Je me retourne pour voir mon oncle Harry à quelques pas de moi. Je fronce les sourcils.

« Je viens de discuter avec Nott, je t'emmène jusqu'à la chambre d'Aria mais il va falloir que je file. Des choses importantes viennent d'arriver.

_ Quel genre de choses ? »

J'entends à peine Alexia m'indiquer l'étage et le numéro de la salle dans laquelle ma fille a été emmenée.

« Je ne peux pas t'en parler, Teddy. Et puis tu en as déjà assez fait, je t'ai laissé trop t'investir et… »

Je crois qu'il se rend compte au dernier moment de ce qu'il est en train de dire. Ou alors c'est parce que je le foudroie du regard en pensant très fort que s'il continue sur sa lancée je risque bien de finir par devenir capable de lancer l'un de ces sorts impardonnables.

« On se dépêche. »

Et nous nous précipitons vers les ascenseurs. Ce n'est qu'une fois à l'intérieur de la petite cabine qui me semble monter d'une lenteur telle que je regrette de ne pas avoir pris les escaliers, que je me rends compte que je n'ai même pas salué Alexia. J'espère qu'elle comprendra parce que, là, je me sens l'âme d'un sacré mufle quand même.
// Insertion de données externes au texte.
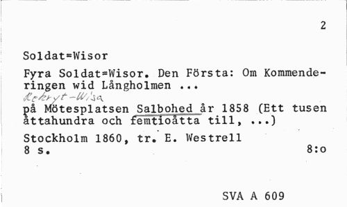 //// 2 //// Soldat=Wisor //// Fyra Soldat=Wisor. Den Första: Om Kommende-ringen wid Långholmen ... //// |>å Mötesplatsen Salbohed år 1858 (Ett tusen attahundra och femtioåtta till, ...) //// Stockholm 1860, tr. E. Westrell 8 s. 8:o //// j SVA A 609 ////

La cabine s'immobilise et Harry et moi en jaillissons comme des niffleurs lâchés dans un coffre de Gringotts rempli d'or. Nous remontons le couloir aussi vite que possible et arrivons dans la salle dans laquelle nous avons interrogé Justin Finch-Fletchley il y a au moins mille ans de ça.

J'aurais dû m'en douter ceci dit.

Dans un lit au fond de la pièce, Aria est allongée sous ses couvertures, pâle et l'air brisé. Mon cœur se déchire dans ma poitrine. Harry me tend Lumos et je m'approche lentement en serrant la peluche entre mes mains. Victoire et son horrible poète sont là également, assis à côté du lit. Il lui tient la main, la tapote. J'ai envie de lui hurler dessus, de passer ma rage sur lui. J'ai envie de lui rappeler que c'est ma famille, pas la sienne, et qu'il peut très bien aller jeter un œil dans le couloir si ça lui chante, des fois qu'un Détraqueur aurait envie de l'embrasser.

« Hé, ma puce. »

Aria tourne la tête vers moi. Ses yeux ont un petit quelque chose de vitreux qui me donne envie de déchirer le ciel lui-même à pleines dents. Ce n'est pas juste. Mon enfant… elle ne devrait pas payer, ils n'avaient pas le droit.

Je dépose Lumos entre ses bras et elle le serre contre sa poitrine.

Derrière moi, Victoire prononce quelques mots mais je ne l'entends pas. Je m'accroupis auprès de ma fille. Il n'y a plus qu'elle qui compte. J'ai vaguement conscience du craquement qui m'indique qu'Harry a transplané mais je ne m'en préoccupe pas. Ma fille est en train de mourir.

« La cabane, dis-je dans son oreille. La cabane est la clé. Je trouverai c'est promis. »

Elle passe un bras autour de mon cou.

« Je suis contente que ce soit toi mon papa. »

Un sourire étire ses lèvres et je me force à y répondre, retenant du mieux que je peux les larmes qui me montent aux yeux.